TO DO »
From the listing below, restate word for word the lines from the line containing "2)理想汽车第三季度交付量低" down through the line containing "Book your ticket". Exclude pictures.

SOURCE DATA »
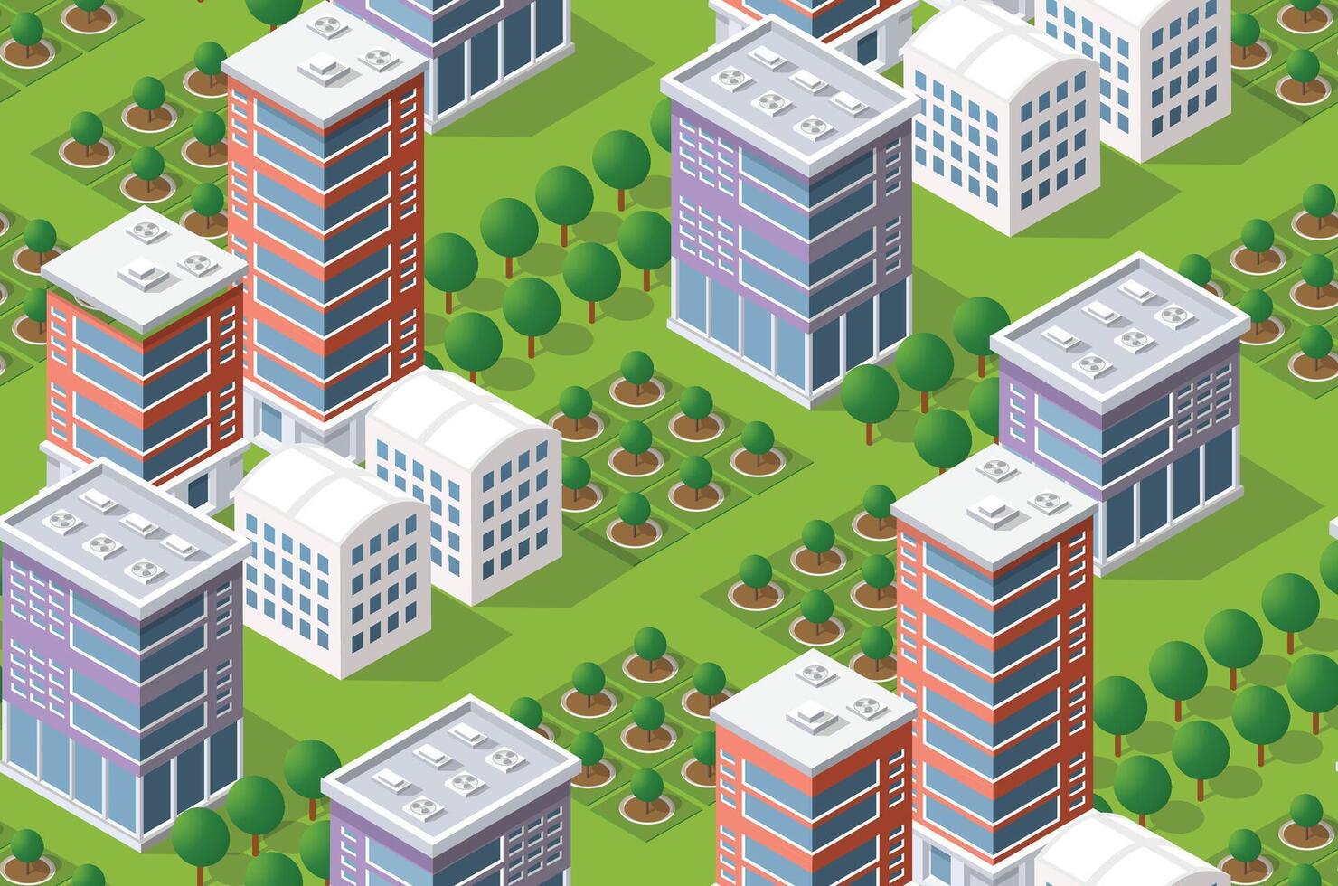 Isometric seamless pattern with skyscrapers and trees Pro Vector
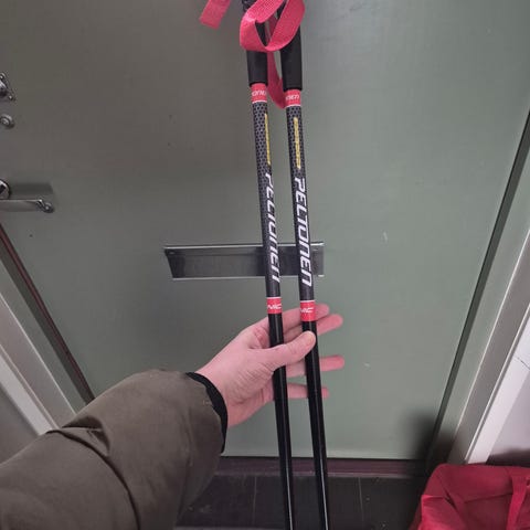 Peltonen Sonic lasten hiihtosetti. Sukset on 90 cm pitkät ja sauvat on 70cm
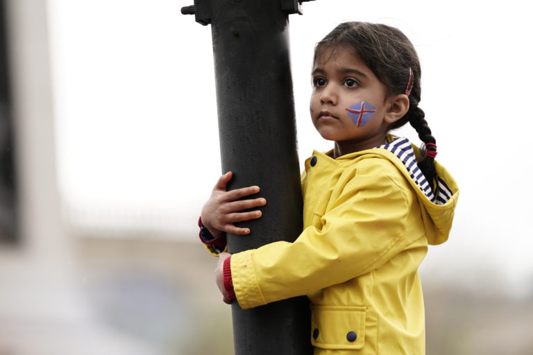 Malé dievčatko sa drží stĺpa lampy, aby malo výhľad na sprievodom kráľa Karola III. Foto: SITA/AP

* * *

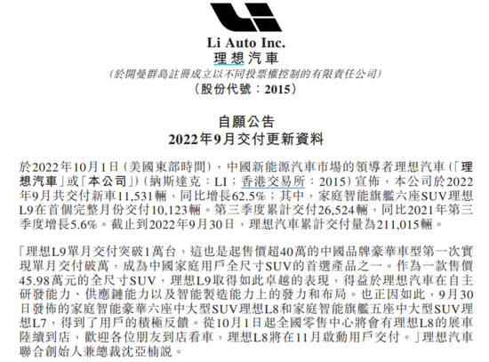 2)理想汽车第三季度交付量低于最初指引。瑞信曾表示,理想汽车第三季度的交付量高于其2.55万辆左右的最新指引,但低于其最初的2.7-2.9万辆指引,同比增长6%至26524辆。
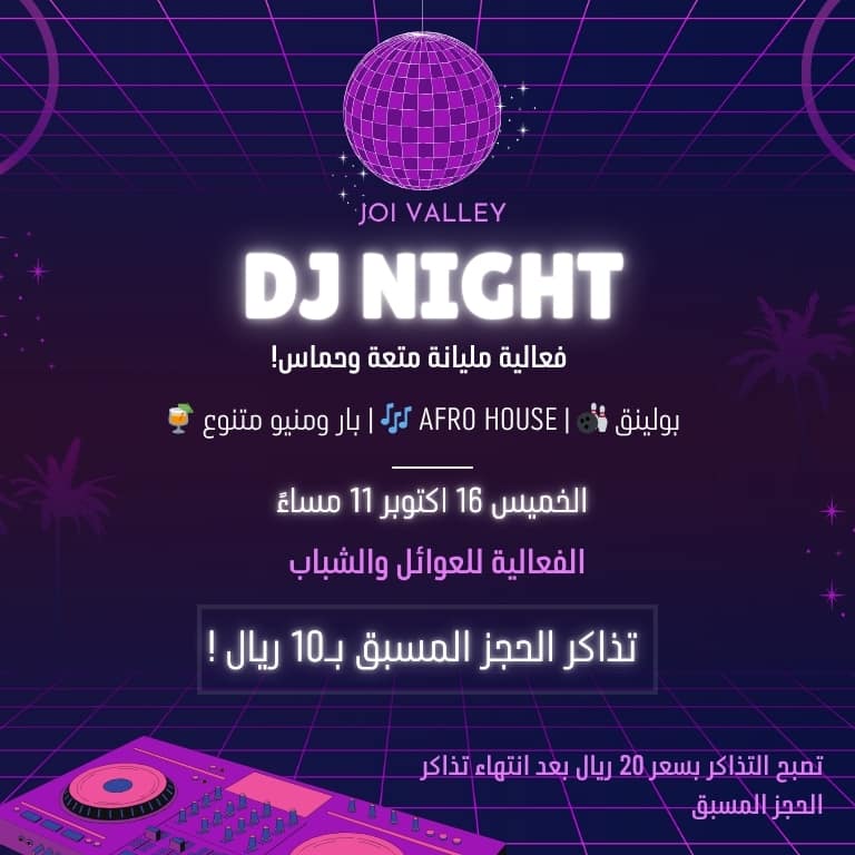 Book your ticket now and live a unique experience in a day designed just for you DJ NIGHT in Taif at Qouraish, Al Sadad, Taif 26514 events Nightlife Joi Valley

RESPONSE AREA »
 2)理想汽车第三季度交付量低于最初指引。瑞信曾表示,理想汽车第三季度的交付量高于其2.55万辆左右的最新指引,但低于其最初的2.7-2.9万辆指引,同比增长6%至26524辆。
 Book your ticket now and live a unique experience in a day designed just for you DJ NIGHT in Taif at Qouraish, Al Sadad, Taif 26514 events Nightlife Joi Valley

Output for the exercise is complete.